It is an object of the present invention to provide a method and apparatus for analyzing an individual's speech pattern to determine their emotional state.

It is another object of the present invention to provide a method and apparatus for analyzing an individual's speech to determine the individual's emotional state in real time.

It is still a further object of the present invention to analyze an individual's speech to determine the individual's emotional state by analyzing frequency or pitch perturbations of the individual's speech.

It is still a further object of the present invention to analyse an FM demodulated first formant speech signal to determine the frequency of nulls in the speech signal, the duration of the nulls and the ratio of the total time period of nulls within a word to the duration of the word.

BRIEF DESCRIPTION OF THE DRAWINGS

FIG. 1 is a block diagram of the system of the present invention.
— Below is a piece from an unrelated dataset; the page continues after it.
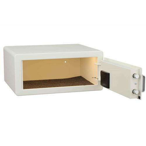 The Protex hotel/personal safe has an easy-to-maintain and-manage system. The safe’s design makes it simple to store laptops, cameras, and other valuables in a secure manner. Secure, easy operations are ensured by the programmable electronic keypad, which also includes a backup key for emergency use (We have concealed they key holes so they are tamper proof). Security is ensured by a carbon steel design with two motorized round locking bolts. You don’t even need to remember the passcode with our biometric finger print safe.

FIG. 2 is a conventional FM demodulator used in conjunction with the present invention. FIGS. 2A-2E illustrate the electrical signals associated with the elements shown in FIG. 2.

FIG. 3 is a block diagram of the null and word detector of the present invention. FIGS. 3A-3F illustrate the electrical signals associated with the elements shown in FIG. 3.

FIG. 4 is a block diagram of the pitch frequency processor of the present invention. FIGS. 4A-4D illustrate the electrical signals associated with the elements shown in FIG. 4.

FIG. 5 is a block diagram of the pitch null duration processor of the present invention. FIGS. 5A-5F illustrate the electrical signals associated with the elements shown in FIG. 5.

FIG. 6 is a block diagram of the ratio processor of the present invention. FIGS. 6A-6H illustrate the electrical signals associated with the elements shown in FIG. 6.

FIGS. 7A-7D are chart recordings of a speech signal analysis according to the present invention.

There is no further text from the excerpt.